[Start of section]

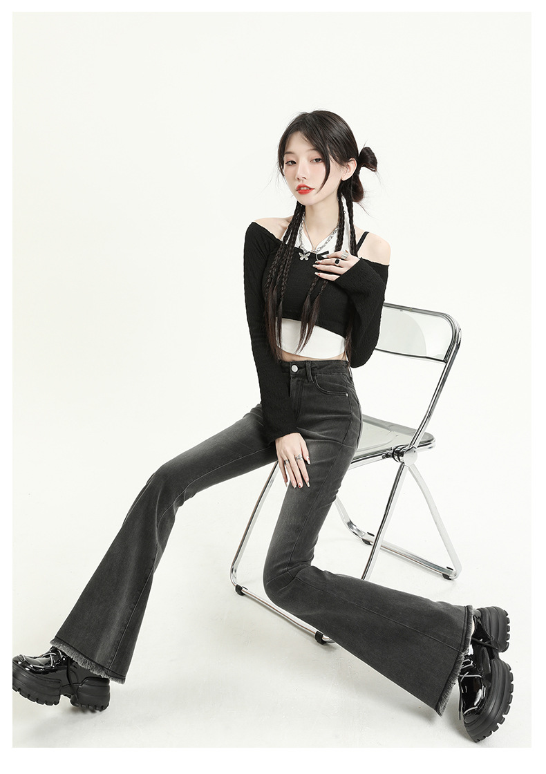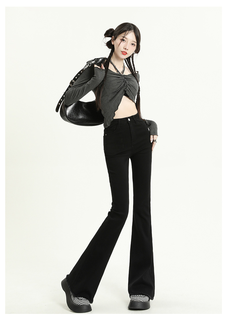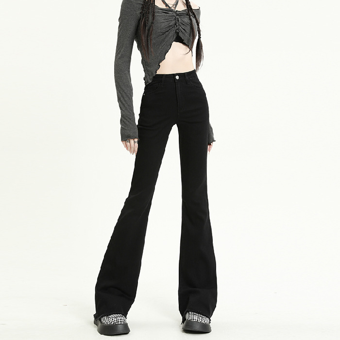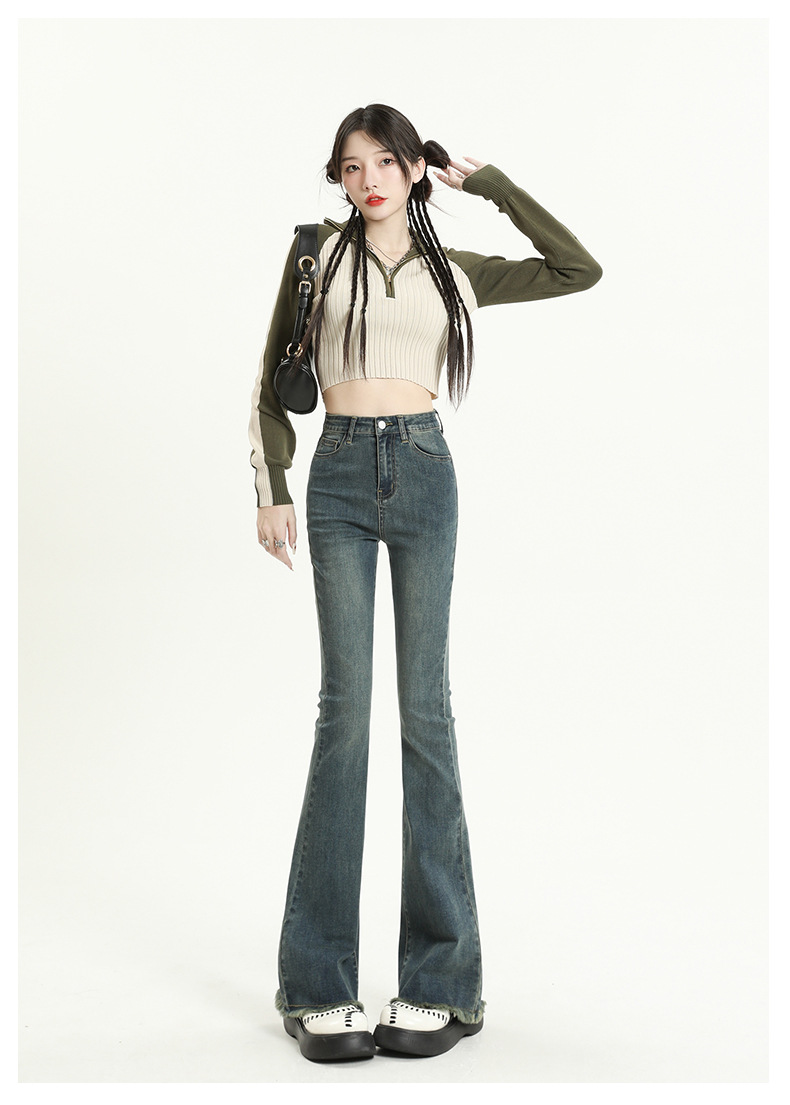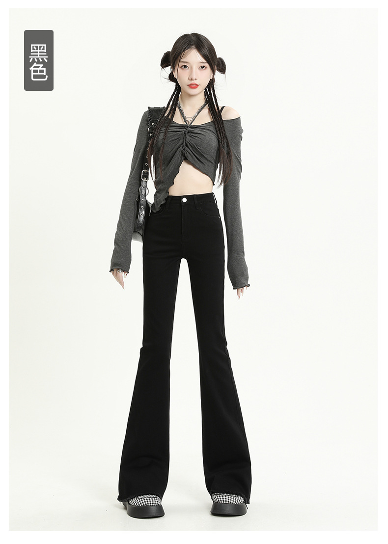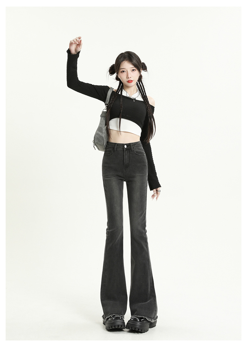 여성용 마이크로 플레어 진, 가을 신상, 한국 스타일, 슬림핏, 하이웨이스트, 키 작은 여성용, 데미지 플레어 팬츠스토어 가기
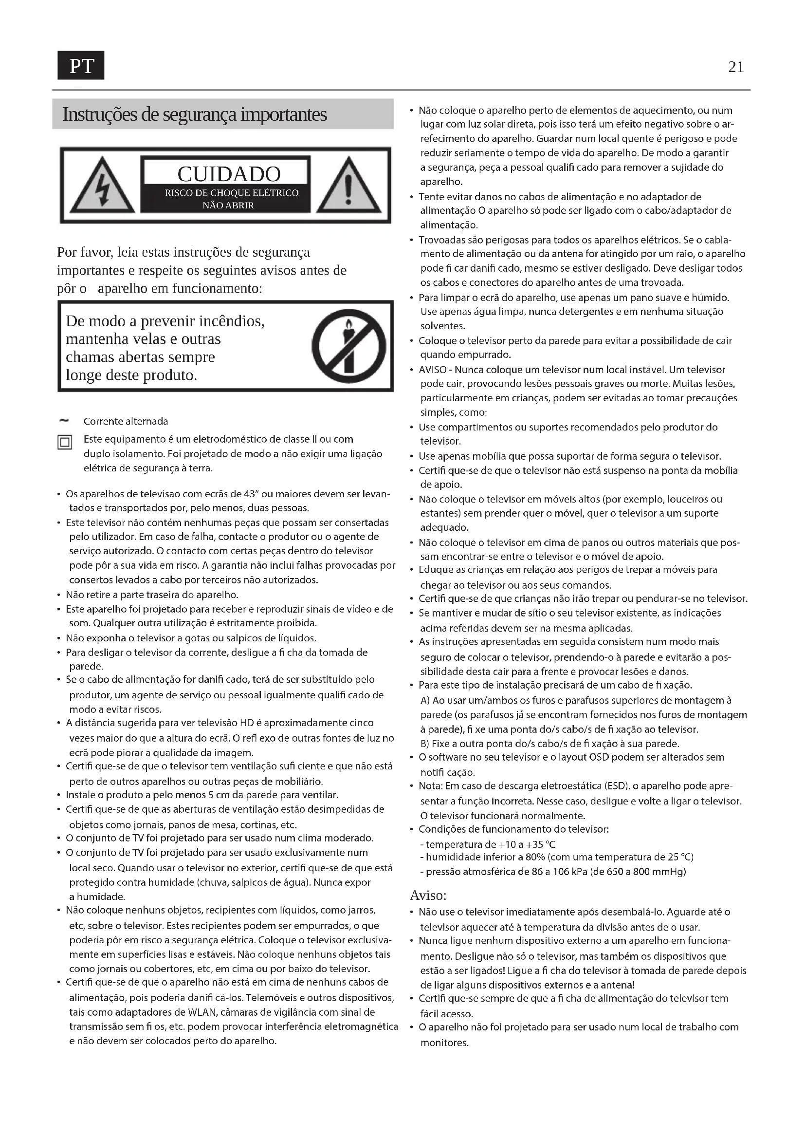 Instruções de segurança importantes CUIDADO RISCO DE CHOQUE ELÉTRICONÃO ABRIR Por favor, leia estas instruções de segurança importantes e respeite os seguintes avisos antes de pôr oaparelho em funcionamento: De modo a prevenir incêndios, mantenha velas e outras chamas abertas sempre longe deste produto. Corrente alternadaEste equipamento é um eletrodoméstico de classe II ou com duplo isolamento. Foi projetado de modo a não exigir uma ligação elétrica de segurança à terra.• Os aparelhos de televisao com ecrãs de 43” ou maiores devem ser levan-tados e transportados por, pelo menos, duas pessoas.• Este televisor não contém nenhumas peças que possam ser consertadas pelo utilizador. Em caso de falha, contacte oprodutor ou oagente de serviço autorizado. Ocontacto com certas peças dentro do televisor pode pôr asua vida em risco. Agarantia não inclui falhas provocadas por consertos levados acabo por terceiros não autorizados.• Não retire aparte traseira do aparelho.• Este aparelho foi projetado para receber e reproduzir sinais de vídeo e de som. Qualquer outra utilização é estritamente proibida.• Não exponha otelevisor agotas ou salpicos de líquidos.• Para desligar o televisor da corrente, desligue a cha da tomada de parede.• Se ocabo de alimentação for dani cado, terá de ser substituído pelo produtor, um agente de serviço ou pessoal igualmente quali cado de modo aevitar riscos.• A distância sugerida para ver televisão HD é aproximadamente cinco vezes maior do que a altura do ecrã. Ore exo de outras fontes de luz no ecrã pode piorar aqualidade da imagem.• Certi que-se de que otelevisor tem ventilação su ciente e que não está perto de outros aparelhos ou outras peças de mobiliário.• Instale oproduto apelo menos 5 cm da parede para ventilar.• Certi que-se de que as aberturas de ventilação estão desimpedidas de objetos como jornais, panos de mesa, cortinas, etc.• Oconjunto de TV foi projetado para ser usado num clima moderado.• Oconjunto de TV foi projetado para ser usado exclusivamente num local seco. Quando usar otelevisor no exterior, certi que-se de que está protegido contra humidade (chuva, salpicos de água). Nunca expor ahumidade.• Não coloque nenhuns objetos, recipientes com líquidos, como jarros, etc, sobre o televisor. Estes recipientes podem ser empurrados, oque poderia pôr em risco asegurança elétrica. Coloque otelevisor exclusiva-mente em superfícies lisas e estáveis. Não coloque nenhuns objetos tais como jornais ou cobertores, etc, em cima ou por baixo do televisor.• Certi que-se de que oaparelho não está em cima de nenhuns cabos de alimentação, pois poderia dani cá-los. Telemóveis e outros dispositivos, tais como adaptadores de WLAN, câmaras de vigilância com sinal de transmissão sem os, etc. podem provocar interferência eletromagnética e não devem ser colocados perto do aparelho.• Não coloque oaparelho perto de elementos de aquecimento, ou num lugar com luz solar direta, pois isso terá um efeito negativo sobre oar-refecimento do aparelho. Guardar num local quente é perigoso e pode reduzir seriamente otempo de vida do aparelho. De modo agarantir asegurança, peça apessoal quali cado para remover asujidade do aparelho.• Tente evitar danos no cabos de alimentação e no adaptador de alimentação Oaparelho só pode ser ligado com ocabo/adaptador de alimentação.• Trovoadas são perigosas para todos os aparelhos elétricos. Se ocabla-mento de alimentação ou da antena for atingido por um raio, oaparelho pode car dani cado, mesmo se estiver desligado. Deve desligar todos os cabos e conectores do aparelho antes de uma trovoada.• Para limpar oecrã do aparelho, use apenas um pano suave e húmido. Use apenas água limpa, nunca detergentes e em nenhuma situação solventes.• Coloque otelevisor perto da parede para evitar apossibilidade de cair quando empurrado.• AVISO - Nunca coloque um televisor num local instável. Um televisor pode cair, provocando lesões pessoais graves ou morte. Muitas lesões, particularmente em crianças, podem ser evitadas ao tomar precauções simples, como:• Use compartimentos ou suportes recomendados pelo produtor do televisor.• Use apenas mobília que possa suportar de forma segura o televisor.• Certi que-se de que o televisor não está suspenso na ponta da mobília de apoio.• Não coloque o televisor em móveis altos (por exemplo, louceiros ou estantes) sem prender quer o móvel, quer o televisor a um suporte adequado.• Não coloque o televisor em cima de panos ou outros materiais que pos-sam encontrar-se entre o televisor e o móvel de apoio.• Eduque as crianças em relação aos perigos de trepar a móveis para chegar ao televisor ou aos seus comandos.• Certi que-se de que crianças não irão trepar ou pendurar-se no televisor.• Se mantiver e mudar de sítio o seu televisor existente, as indicações acima referidas devem ser na mesma aplicadas.• As instruções apresentadas em seguida consistem num modo mais seguro de colocar otelevisor, prendendo-oà parede e evitarão apos-sibilidade desta cair para afrente e provocar lesões e danos.• Para este tipo de instalação precisará de um cabo de xação.A) Ao usar um/ambos os furos e parafusos superiores de montagem à parede (os parafusos já se encontram fornecidos nos furos de montagem à parede), xe uma ponta do/scabo/sde xação ao televisor.B) Fixe aoutra ponta do/scabo/sde xação à sua parede.• Osoftware no seu televisor e olayout OSD podem ser alterados sem noti cação.• Nota: Em caso de descarga eletroestática (ESD), o aparelho pode apre-sentar a função incorreta. Nesse caso, desligue e volte a ligar o televisor. O televisor funcionará normalmente.• Condições de funcionamento do televisor:- temperatura de +10 a +35 °C- humididade inferior a 80% (com uma temperatura de 25 °C)- pressão atmosférica de 86 a 106 kPa (de 650 a 800 mmHg) Aviso:
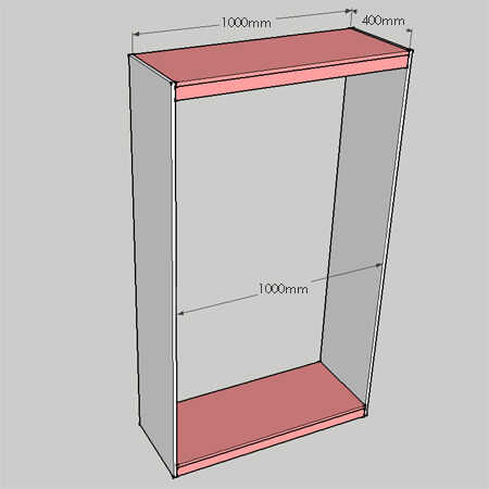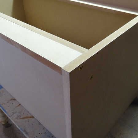 Los delantales se enroscan en las secciones superior y base. Los lados fueron Unidos a estas secciones por perforación agujeros avellanados por los costados y en la plataforma y el delantal - ver imagen.
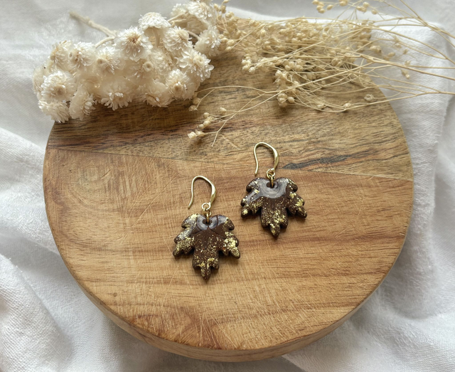 Boucles d'oreilles réalisées à la main en argile polymère, un modèle peut être créé en plusieurs exemplaires mais chaque paire est unique, Sur ce modèle la pâte est recouverte de véritables feuilles d'or. La finition brillante du bijou est faite de Résine UV. Les fermoirs utilisés pour cette paire sont en plaqué or. Chaque bijou est réalisé à la main dans un atelier de Bourgogne.
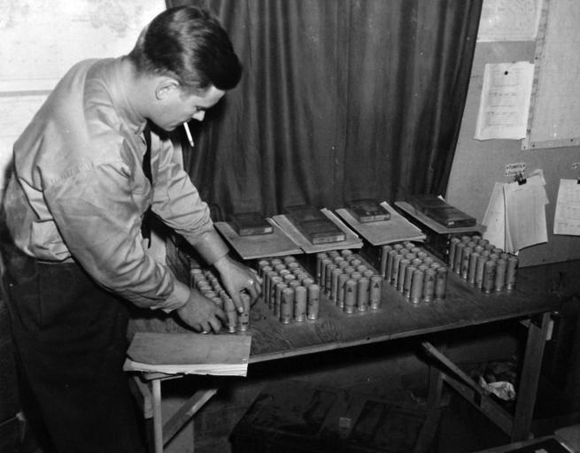 Keywords: blackandwhite monochrome indoor black and white 80-G-44615 (TR-7039): Colors in cartridges – Air Intelligence Officer, Lieutenant Junior Grade Samuel D. Trusty prepares recognition flares, which are fired from very pistols (flare guns) in various color combinations according to code. Photograph released February 7, 1944. (2015/12/01). 80-G-44615 (TR-7039): Colors in cartridges – Air Intelligence Officer, Lieutenant Junior Grade Samuel D. Trusty prepares recognition flares, which are fired from very pistols (flare guns) in various color combinations according to code. Photograph released February 7, 1944. (2015/12/01). |
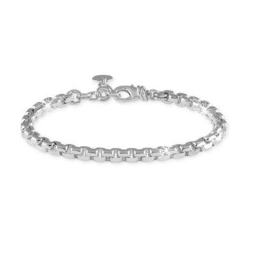 Un bracciale dallo stile classico rivisitato in chiave contemporanea, firmato UNOAERRE. Questo gioiello è realizzato in bronzo con finitura rodiata lucida ed è caratterizzato da una catena veneziana bombata, nota per la sua struttura compatta e la lucentezza impeccabile.
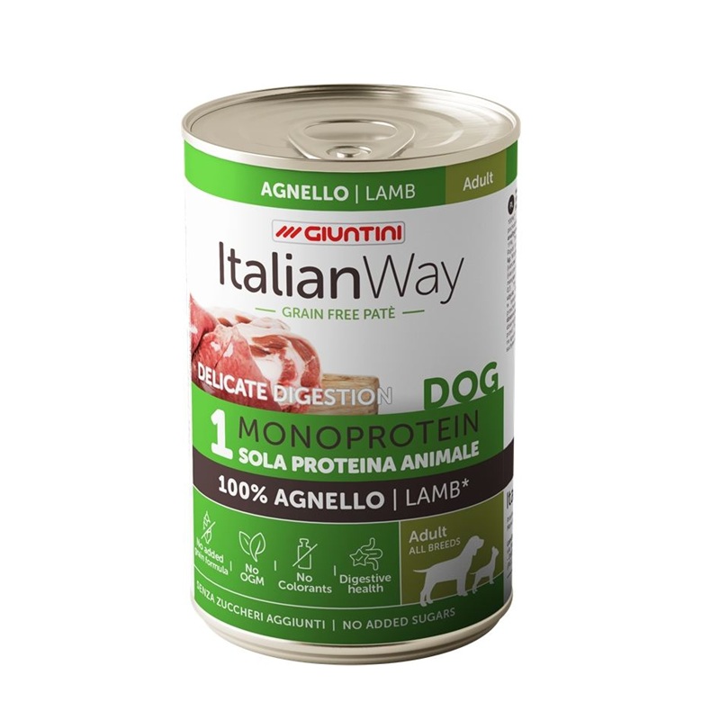 L’umido Italian Way Paté Adult con Agnello offre al tuo cane un pasto gourmet che non scende a compromessi con la salute. Grazie alla consistenza morbida e invitante del paté, questa lattina da 400 gr è perfetta sia come pasto unico che come appetizzante miscelato alle crocchette.
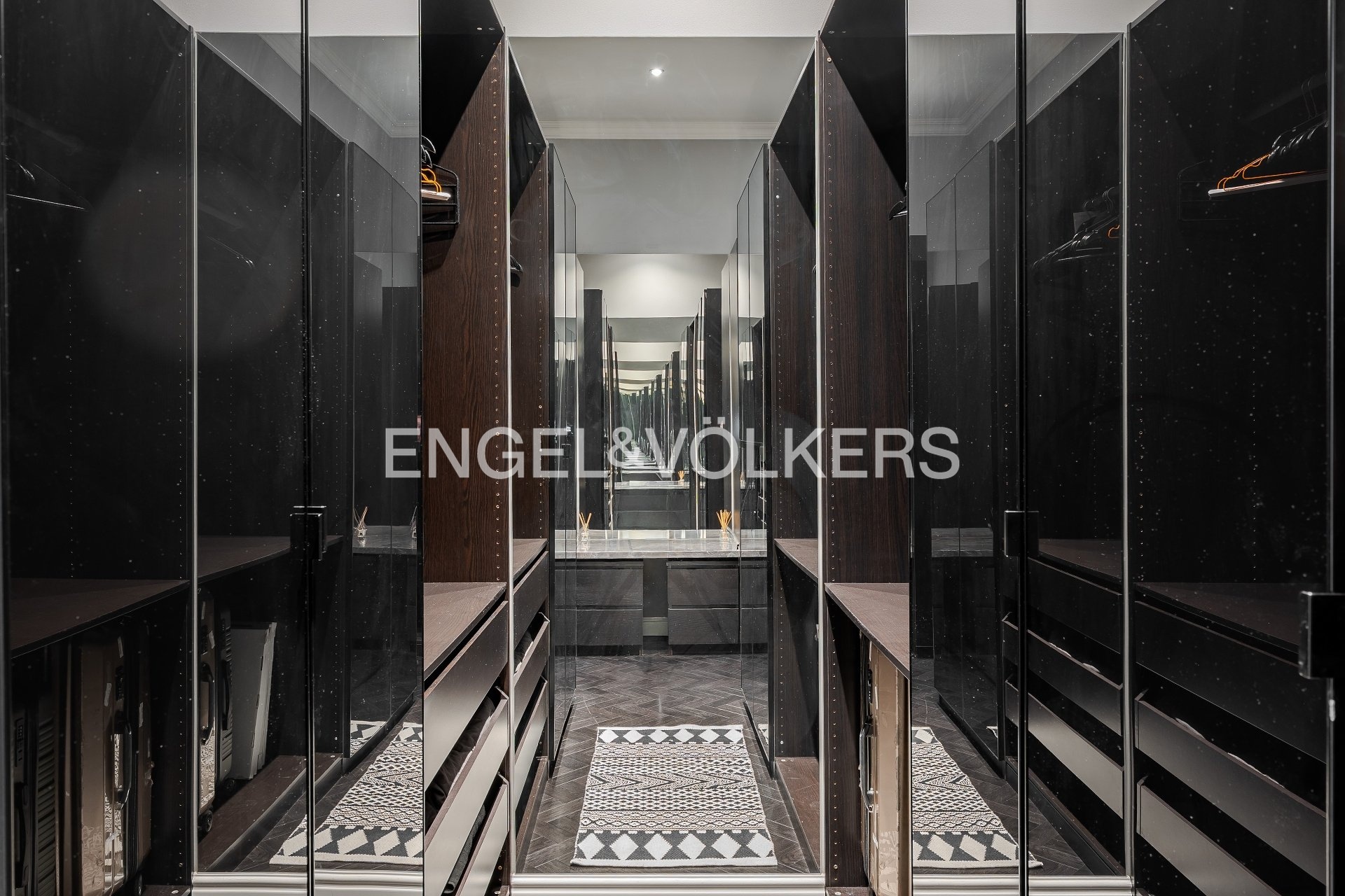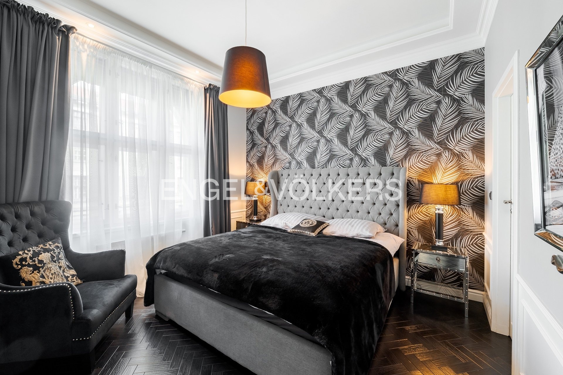 Interiér bytu tvoří světlý obývací pokoj s plně vybavenou kuchyňskou linkou a plynovým krbem, dále ložnice s vlastní šatnou a en-suite koupelnou se sprchovým koutem, samostatná toaleta a vstupní hala s množstvím vestavěných skříní. Byt je vybaven luxusním nábytkem a kvalitními spotřebiči – k dispozici je pračka, sušička, myčka, mikrovlnná trouba a dvě televize. Komfort bydlení zvyšují vinylové podlahy a moderní osvětlení na dálkové ovládání.
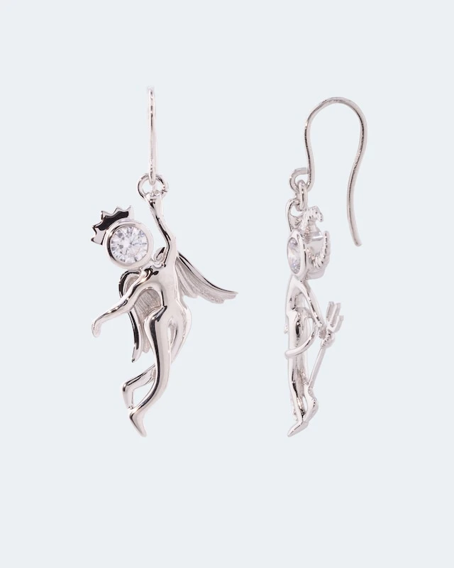 Die Ohrjänger sind aus 925er Sterlingsilber gefertigt. Die Oberfläche ist rhodiniert und kunstvoll geformt. Sie besticht das Engelchen durch die zarte Frauenfigur mit Krone und Engelsflügeln. Das Teufelchen ist stilecht mit Hörnern und Dreizack ausgestattet.
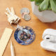 La temporada de los Navidades - una época llena de asombro, alegría, esperanza, expectativas y sorpresas. Este adorno cuenta con un torbellino dorado de copas de nieve en el cielo azul de la noche sobre el bosque invernal con una imagen de su familia, mascota o lo que le gusta. ¡Una idea maravillosa de regalo para los abuelos! Foto personalizada.
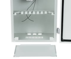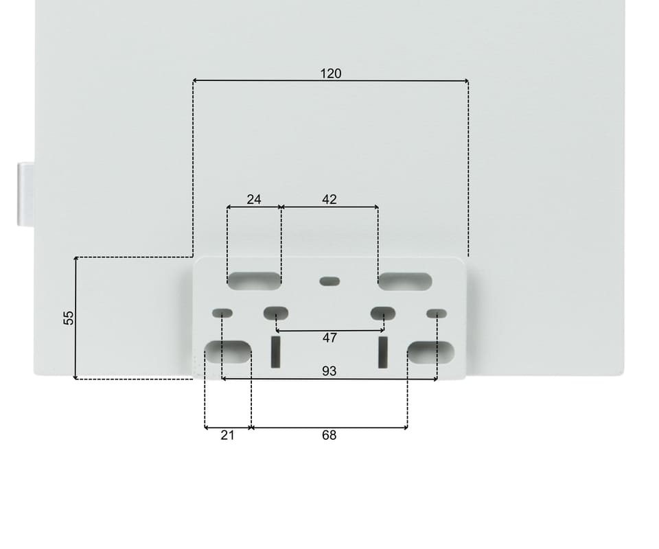 LN-BOX-DIN-IP65 to przemysłowa, wodoodporna skrzynia teletechniczna w klasie IP65, przeznaczona do montażu urządzeń na szynie DIN. Wewnątrz obudowy zamontowano szynę TH 35 (stal ocynkowana, grubość 1,1 mm), umożliwiającą szybkie i bezpieczne mocowanie np. switchy lub zasilaczy. Konstrukcja wykonana ze stali C45 z ocynkowaną powłoką gwarantuje trwałość. Dodatkowe elementy to dwutorowy wyłącznik nadprądowy B16, uchwyt na kable z przegrodą oraz system chłodzenia. Wymiary obudowy: 285 × 188 × 424 mm.
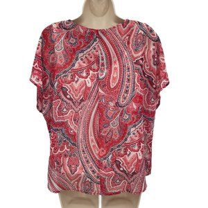 Style & Co Womens Red Chiffon Paisley Print Short Sleeve Blouse Size M

[End of section]

# WHAT IS REQUIRED
In the listing above, find the line with "Boucles d'oreilles réalisées" and the line with "Un bracciale dallo". Output both, plus every line between them, and no pictures.

# EXERCISE ANSWER
 Boucles d'oreilles réalisées à la main en argile polymère, un modèle peut être créé en plusieurs exemplaires mais chaque paire est unique, Sur ce modèle la pâte est recouverte de véritables feuilles d'or. La finition brillante du bijou est faite de Résine UV. Les fermoirs utilisés pour cette paire sont en plaqué or. Chaque bijou est réalisé à la main dans un atelier de Bourgogne.
 Keywords: blackandwhite monochrome indoor black and white 80-G-44615 (TR-7039): Colors in cartridges – Air Intelligence Officer, Lieutenant Junior Grade Samuel D. Trusty prepares recognition flares, which are fired from very pistols (flare guns) in various color combinations according to code. Photograph released February 7, 1944. (2015/12/01). 80-G-44615 (TR-7039): Colors in cartridges – Air Intelligence Officer, Lieutenant Junior Grade Samuel D. Trusty prepares recognition flares, which are fired from very pistols (flare guns) in various color combinations according to code. Photograph released February 7, 1944. (2015/12/01). |
 Un bracciale dallo stile classico rivisitato in chiave contemporanea, firmato UNOAERRE. Questo gioiello è realizzato in bronzo con finitura rodiata lucida ed è caratterizzato da una catena veneziana bombata, nota per la sua struttura compatta e la lucentezza impeccabile.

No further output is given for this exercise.